Introduction: Ethanol is a clear liquid produced by fermenting sugars, found in alcoholic beverages. Excessive consumption causes poisoning and neurodegeneration in the brain by oxidation. Ethanol metabolism to acetaldehyde and then to acetate produces reactive oxygen species, which increases oxidative stress and reduces antioxidants, leading to mental disorders.
Astaxanthin is a type of fat-soluble carotenoid that has strong antioxidant properties and protective effects. It is produced by algae, plants, and some fungi and bacteria. Astaxanthin acts as an inhibitor of reactive oxygen species and is absorbed by lipoproteins to protect cells and membranes from oxidative damage. It has neuroprotective effects and can cross the blood-brain barrier, making it highly effective in brain disorders.

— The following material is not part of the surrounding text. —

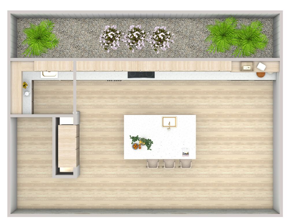 Die Möglichkeiten sind endlos in dieser Designidee für eine L-förmige Küche. Die vielen Quadratmeter ermöglichen es Ihnen, die Küche Ihrer Träume zu gestalten und zu dekorieren, und die Gartenlandschaft vor den Küchenfenstern sorgt für ein sonniges und helles Ambiente im Inneren. In der Mitte der Küche befindet sich eine große Kochinsel mit viel Arbeitsfläche, einem Waschbecken und Sitzgelegenheiten im Barhocker-Stil. An der Seite befindet sich eine geräumige, begehbare Speisekammer und entlang der Fensterfront finden Sie die gesamte Arbeitsfläche vor, die Sie benötigen. Bereiten Sie Ihre Lieblingsgerichte auf großen Schneidebrettern zu oder richten Sie eine Kaffee- oder Getränkestation in der Ecke ein. Ein großer Herd steht für all Ihre Kochbedürfnisse zur Verfügung. Zudem bieten zahlreiche Schränke über und unter den Arbeitsflächen großartigen Stauraum für Sie.
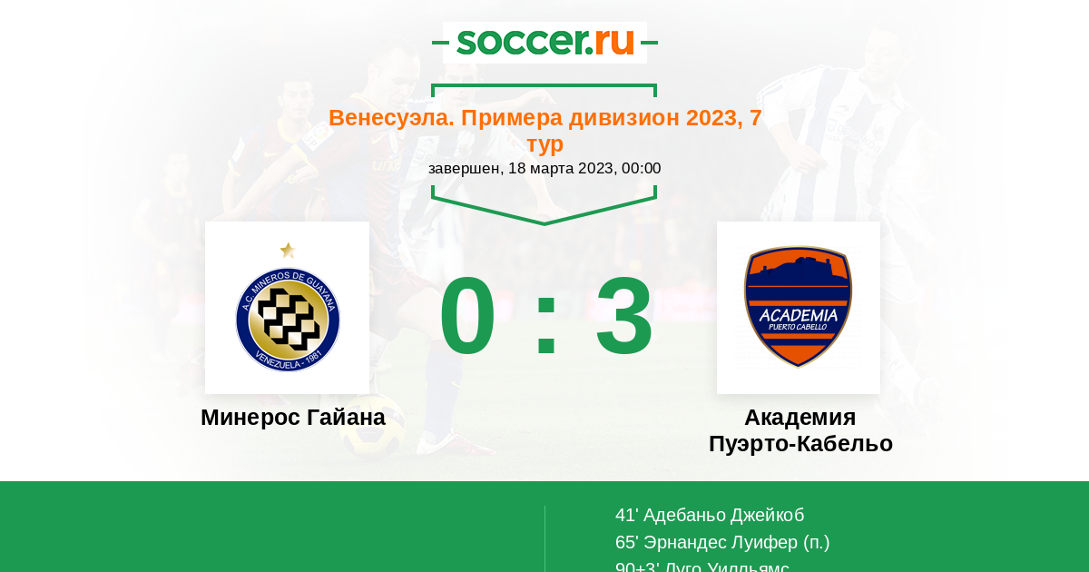 Протокол матча Минерос Гайана против Пуэрто-Кабельо

This research aims to investigate the neuroprotective effects of astaxanthin on anxiety-like behaviors and oxidative stress in the cerebral cortex of ethanol model mice.
Methods: 35 male mice were divided into 5 groups (n=7) including control, astaxanthin 20, ethanol, and two treatment groups with astaxanthin 10 and 20 mg/kg. The patient group (ethanol) received 20% ethanol. In the treatment groups, first 20% ethanol and after 2 hours astaxanthin in doses of 10 and 20 mg/kg was prescribed. All prescriptions were done daily for 14 consecutive days. Then all mice were sacrificed and the cortical areas of their brains were extracted for biochemical analysis. Antioxidant parameters including the activities of glutathione peroxidase (GPx), glutathione S-transferase (GST), and glutathione (GSH) levels were measured. Statistical analysis was performed using one-way analysis of variance (ANOVA) in GraphPad Prism and a pairwise comparison of means using Tukey's post-hoc test. Also, P < 0.05 was considered statistically significant.
Results: The results of this research have shown that administration of 20% ethanol significantly decreased the activities of glutathione peroxidase (P < 0.01) and glutathione S-transferase (P < 0.05), and the levels of glutathione levels (P < 0.01) in the cortex of ethanol model mice. This is while the treatment with astaxanthin significantly has improved the activities of glutathione peroxidase (P < 0.05) and glutathione S-transferase (P < 0.05), and the levels of glutathione levels (P < 0.01).
Conclusion: In this study, Administering 20% ethanol daily for 14 consecutive days, reduced antioxidant parameters in the cortex of ethanol model mice. Studies showed that ethanol gavage with a concentration of 20 mg/kg increased protein oxidation in the brain and these changes caused oxidative damage in cells and neurological disorders. While, treatment with astaxanthin daily for 14 consecutive days, improved the complications caused by ethanol administration and was effective in increasing the activity of antioxidant parameters. Some previous studies showed that Alzheimer's model rats using astaxanthin powder significantly reduced neurodegeneration. As a result, astaxanthin can be useful as an effective antioxidant against the negative effects of ethanol consumption such as oxidative damage.